#### TASK DETAILS:
The listing below must be repeated word for word, with its images excluded.

#### SUPPLIED INFORMATION:
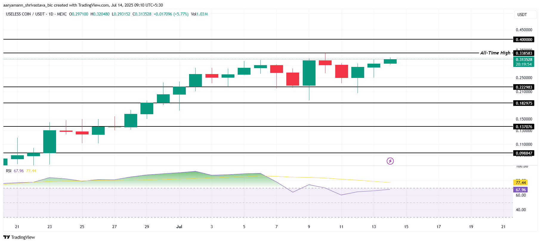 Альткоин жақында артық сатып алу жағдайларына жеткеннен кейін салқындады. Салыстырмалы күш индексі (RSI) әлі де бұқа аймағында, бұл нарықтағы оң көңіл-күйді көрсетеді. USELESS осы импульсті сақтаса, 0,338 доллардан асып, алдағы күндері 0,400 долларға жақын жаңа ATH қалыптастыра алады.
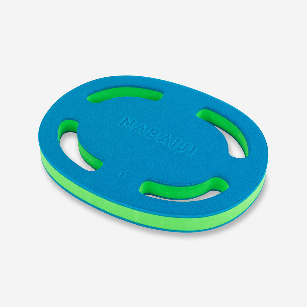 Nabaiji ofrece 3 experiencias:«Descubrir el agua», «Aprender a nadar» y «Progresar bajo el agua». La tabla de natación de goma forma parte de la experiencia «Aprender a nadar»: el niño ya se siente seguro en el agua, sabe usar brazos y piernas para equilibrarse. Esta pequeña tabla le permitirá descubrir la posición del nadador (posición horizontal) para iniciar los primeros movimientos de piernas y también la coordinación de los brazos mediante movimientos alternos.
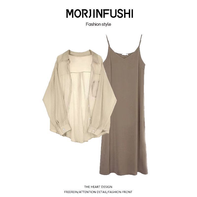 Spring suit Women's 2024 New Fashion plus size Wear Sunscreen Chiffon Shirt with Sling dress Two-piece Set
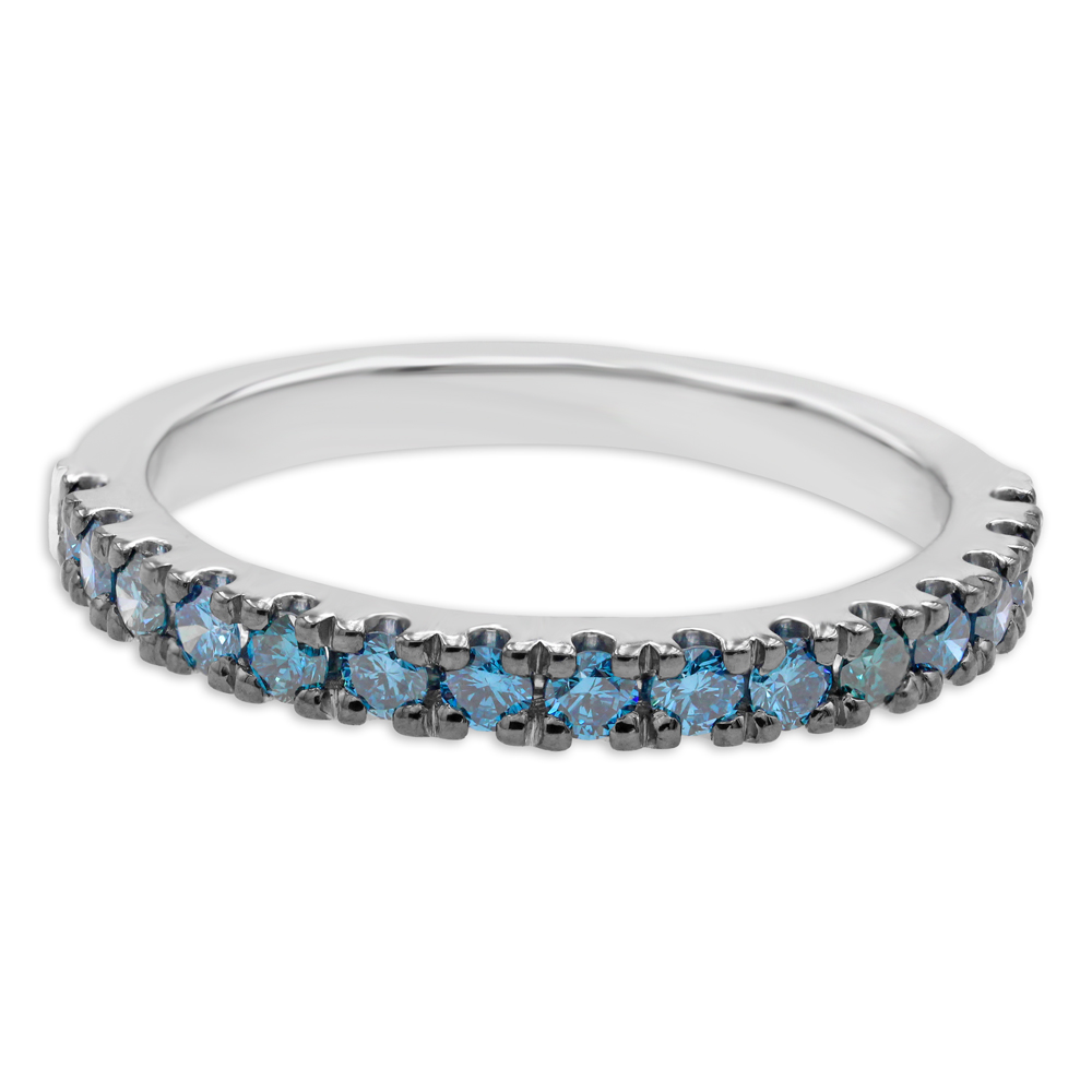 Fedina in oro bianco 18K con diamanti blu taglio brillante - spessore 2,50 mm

#### EXERCISE RESPONSE:
 Альткоин жақында артық сатып алу жағдайларына жеткеннен кейін салқындады. Салыстырмалы күш индексі (RSI) әлі де бұқа аймағында, бұл нарықтағы оң көңіл-күйді көрсетеді. USELESS осы импульсті сақтаса, 0,338 доллардан асып, алдағы күндері 0,400 долларға жақын жаңа ATH қалыптастыра алады.
 Nabaiji ofrece 3 experiencias:«Descubrir el agua», «Aprender a nadar» y «Progresar bajo el agua». La tabla de natación de goma forma parte de la experiencia «Aprender a nadar»: el niño ya se siente seguro en el agua, sabe usar brazos y piernas para equilibrarse. Esta pequeña tabla le permitirá descubrir la posición del nadador (posición horizontal) para iniciar los primeros movimientos de piernas y también la coordinación de los brazos mediante movimientos alternos.
 Spring suit Women's 2024 New Fashion plus size Wear Sunscreen Chiffon Shirt with Sling dress Two-piece Set
 Fedina in oro bianco 18K con diamanti blu taglio brillante - spessore 2,50 mm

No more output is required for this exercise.